I stared at her through watering eyes, my sinuses screaming. “What I am?” I sniffed and tried to blink away the discomfort in my eyes. “What am I?”

She stopped about a foot away from me, and angled her head, amazement in her smiling eyes as she watched me. “Why, you’re magic.”

“No, I’m not. I’m a wait—
achoo!
—waitress.” The sharpness in my sinuses intensified, and I shook my head, trying to rid myself of it all, but it only got worse.

“Oh, you’re much more than that, Olivia,” she said, and took the sock from me. I backed away from her, sneezing again. She tossed it toward the stool where she’d been sitting, a good ten feet away, but still, I couldn’t stop sneezing, and I was starting to panic. I stepped back again, and this time, my foot landed on the wet strands of mop and I lost my balance. I pulled at the mop handle, accidentally whapping myself in the face with it as my arms flailed like a cartoon character’s. Davina shouted something and ran for me, but gravity won out and I fell, cracking the back of my head against the magic square. Dazed, I blinked a few times, then saw Davina leaning over me, saying something I couldn’t make out, and looking concerned.

“What did you do to me?” I asked, or at least I tried to ask, but my ears were still ringing from the impact, so I’m not sure if any actual words came out.

“Liv!”

I opened my eyes what seemed like a second later, and there was Tobias, hovering over me.

“Oh. Hey.” I pushed myself up on my elbows, and he helped me the rest of the way up, pulling me up by my arms, which were all pins and needles; I must have pinched a nerve or something when I hit the floor.

“What the hell happened?” He helped me up to sit in Booth 9, where I gratefully collapsed, feeling a little dizzy.

I shook my head out and looked at the spot where Davina had been; all that was left was her half-finished meal, and some bills laying next to the plate. No sign of her.

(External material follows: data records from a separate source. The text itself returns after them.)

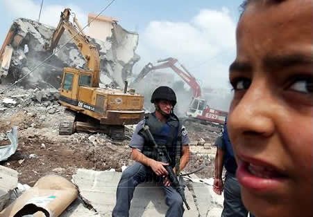 法新社记者 Eitan Hess-Ashkenazi 2003年8月27日拍摄自约旦河西岸一个小镇的画面。以色列士兵正在拆除一个犹太人居住地,一个巴勒斯坦男孩儿正在附近观看。此画面的背景使用有些特殊。
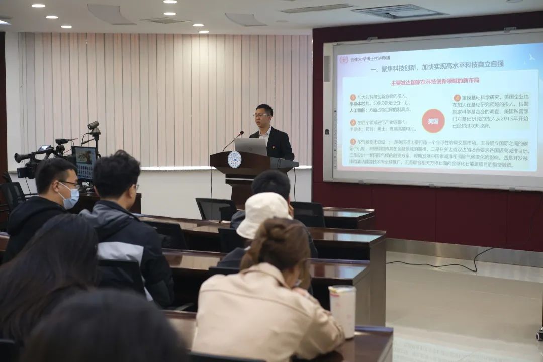 为深入学习宣传贯彻习近平新时代中国特色社会主义思想和全国两会精神,充分发挥博士生讲师团理论宣讲作用,引领广大青年学子学深悟透党的新理念、新思想、新战略,坚定历史自信,坚持守正创新,深刻领悟好、践行好全国两会精神,2023年5月5日,吉林大学博士生讲师团讲师蒋理走进商学与管理学院开展理论宣讲。本次宣讲的主题是“凝聚精神力量 激发使命担当”——以科技创新赋能,推动高质量发展。商学与管理学院党支部党员、中共预备党员、助管、研究生干部参与了本次活动。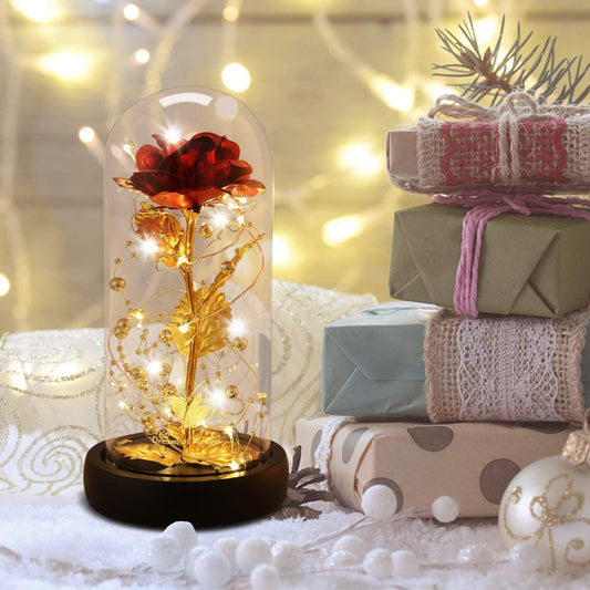 Valentines Day Gifts for Her, Beauty and the Beast Rose, Birthday Gifts for Women, Glass Dome Glowing Rose, Eternal Rose Blessing Valentine Flowers Gift for Mother Wife, or Girlfriend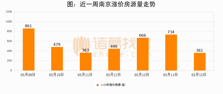 根据诸葛找房数据显示,南京24小时涨价房源量为361套,较03月14日减少373套,环比下降50.8%。与此同时,涨价房源占比小幅回落,对于购房者来说是一个入市窗口期,购房者可抓住时机入市。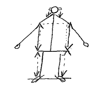 Pri správnom držaní tela zviera brada s krkom pravý uhol, plecia sú kolmo nad bokmi (vytvárajú tzv. akademický obdĺžnik), váha tela je sústredená nad prednou časťou chodidiel, päty sú odľahčené, chodidlá sa dotýkajú podložky tromi bodmi: pätou, palcom a malíčkom. Lýtka zvierajú s chodidlami ostrý uhol, prípadne pravý uhol, vtedy sa váha sústredí správne nad prednými časťami chodidiel. Keby zvierali tupý uhol, preniesla by sa váha tela nad päty. V takom postoji je ťažké udržať rovnováhu (najmä v postoji na jednej nohe), okrem toho sa tlakom váhy tela na päty znižuje klenba nohy.

“I … slipped. On the mop.”

He leaned over me, put his hands on either side of my face to hold me still as his gaze flicked back and forth between my eyes, as if measuring the pupils or something. The lights felt exceptionally bright, and I squinted, then swatted his hands away.

“I’m fine. I just fell. What are you doing here, anyway?”

“Forgot something. Came back.
Found you splayed on the floor.
” He hit that last bit hard, driving his point home.

“Calm down, drama queen,” I said. “I slipped. It’s no big deal.”

“You lost consciousness. It’s a big deal.” He surveyed me, looking worried. “You sure you’re all right?”

I nodded, although I wasn’t
entirely
sure; I felt a little dizzy, and all my limbs were tingling, but I didn’t want him making a big deal out of anything. He’d have me in a hospital ER in a heartbeat if he suspected something was wrong. So I pulled on a smile, met his eye, and said, “I’m fine.”